Beginning with the line containing "Jimena Sáenz’s guests" and ending with the line containing "これからハイキング開始です。", write out each line of the records below exactly; pictures and lines outside that range are left out.

» **Given data**:

--- START ---

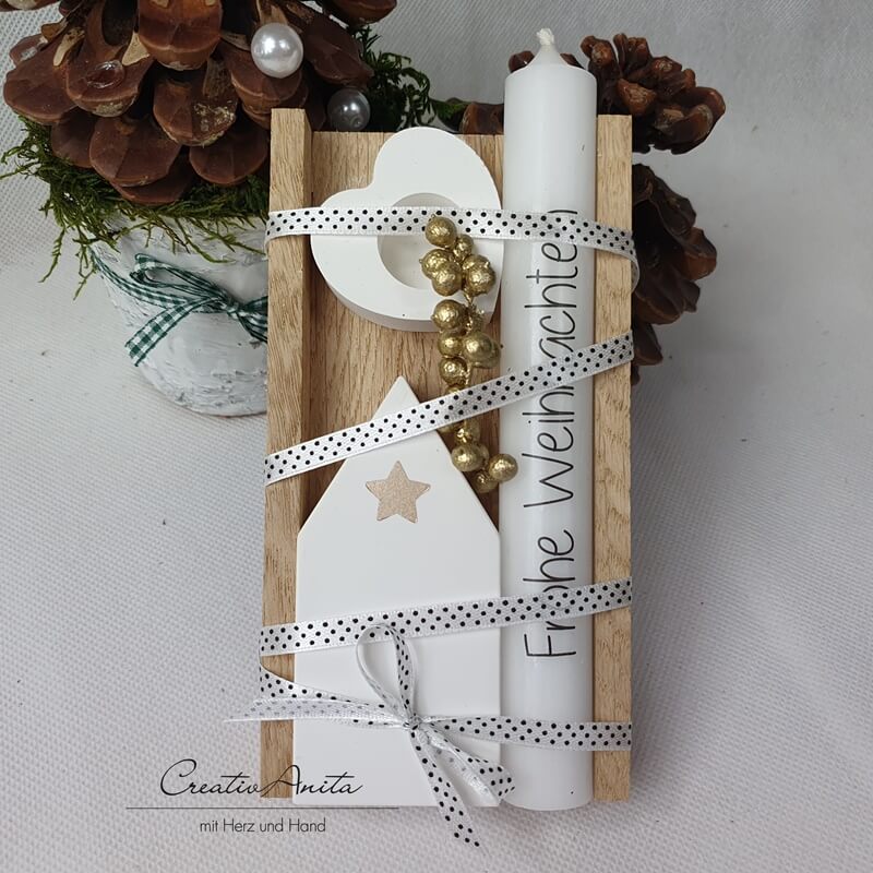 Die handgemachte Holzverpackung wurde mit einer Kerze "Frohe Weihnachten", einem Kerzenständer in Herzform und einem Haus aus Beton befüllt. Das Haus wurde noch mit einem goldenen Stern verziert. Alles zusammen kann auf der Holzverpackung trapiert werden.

--- END ---
--- START ---

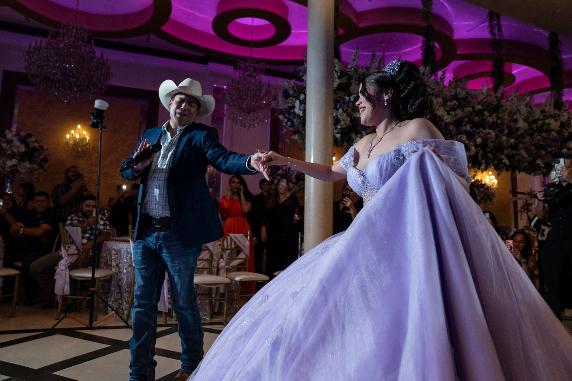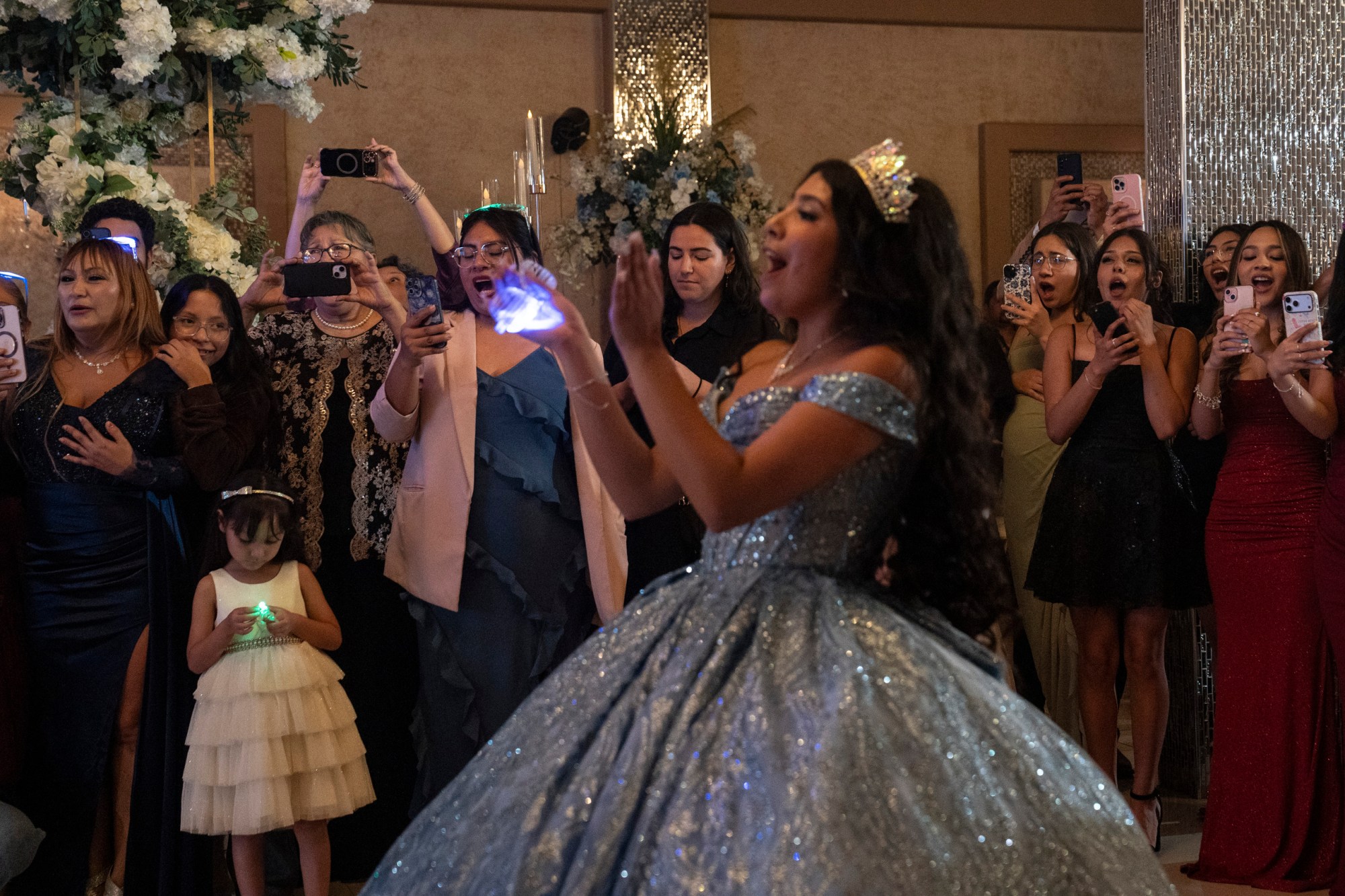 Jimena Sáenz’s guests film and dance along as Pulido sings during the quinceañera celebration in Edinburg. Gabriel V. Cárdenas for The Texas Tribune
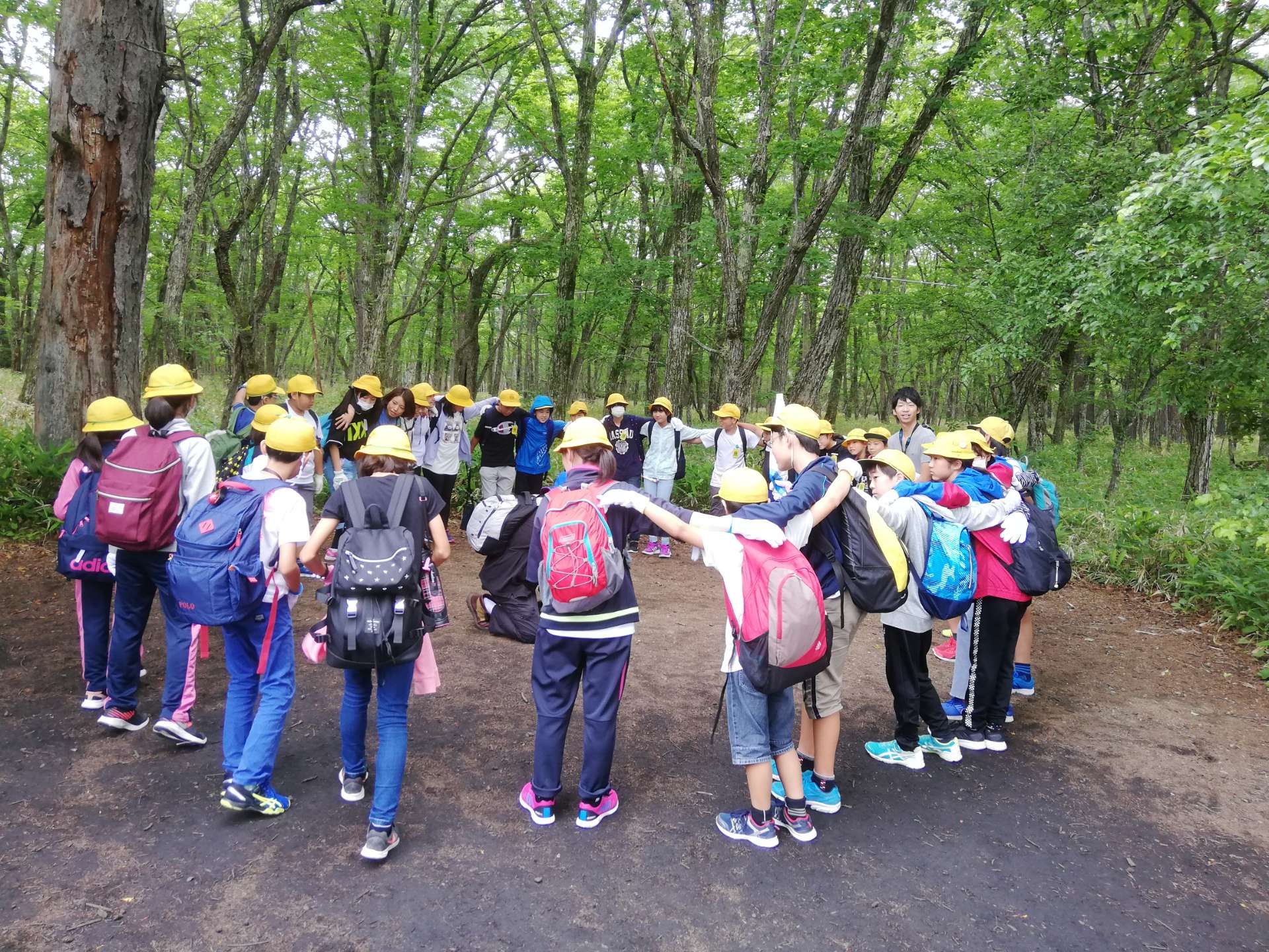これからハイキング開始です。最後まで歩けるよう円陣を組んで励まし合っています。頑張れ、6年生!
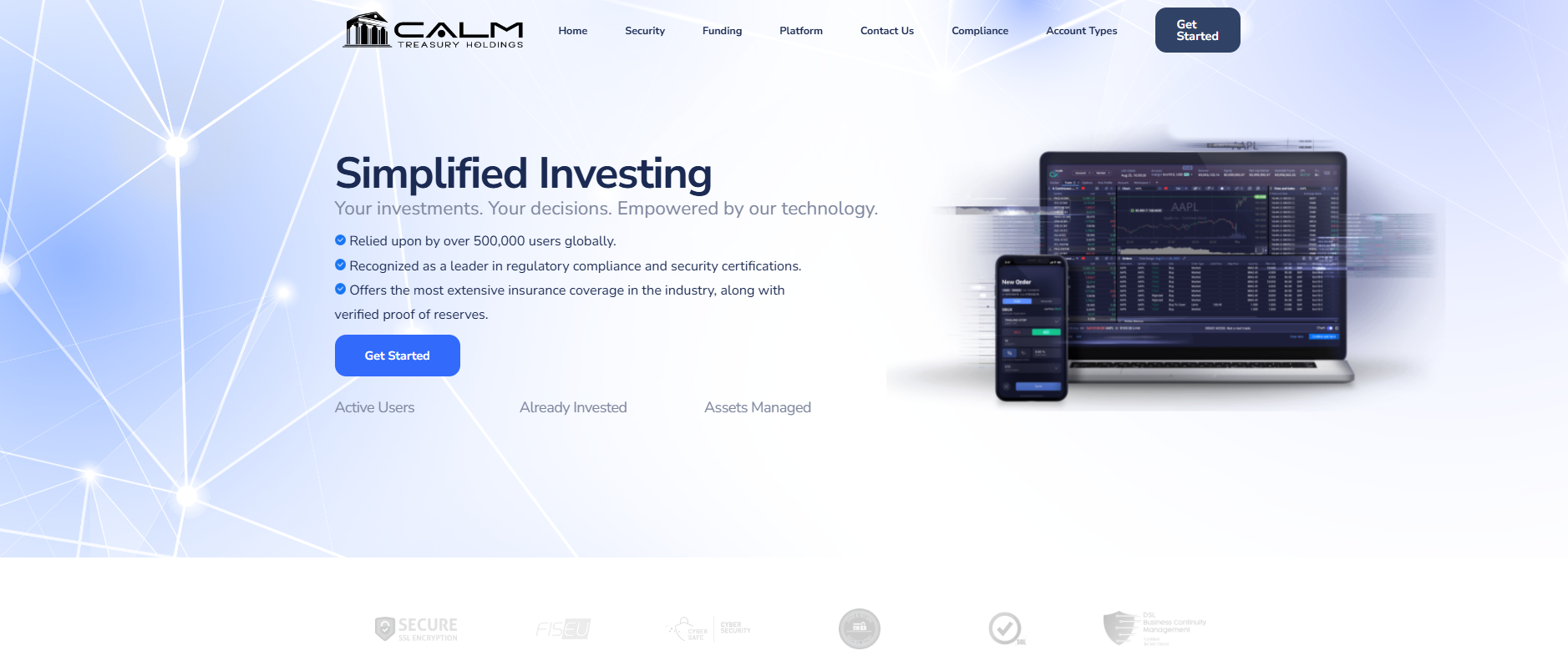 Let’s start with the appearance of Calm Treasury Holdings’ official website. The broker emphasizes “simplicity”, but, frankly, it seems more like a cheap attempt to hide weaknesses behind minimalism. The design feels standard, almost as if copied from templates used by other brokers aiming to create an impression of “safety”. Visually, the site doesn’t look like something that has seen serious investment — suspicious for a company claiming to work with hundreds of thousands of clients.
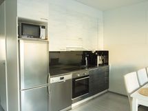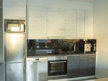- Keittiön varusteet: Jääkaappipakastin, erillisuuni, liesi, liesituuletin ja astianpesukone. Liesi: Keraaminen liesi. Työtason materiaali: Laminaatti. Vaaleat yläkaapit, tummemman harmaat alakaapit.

--- END ---

» **Result for this exercise**:
 Jimena Sáenz’s guests film and dance along as Pulido sings during the quinceañera celebration in Edinburg. Gabriel V. Cárdenas for The Texas Tribune
これからハイキング開始です。最後まで歩けるよう円陣を組んで励まし合っています。頑張れ、6年生!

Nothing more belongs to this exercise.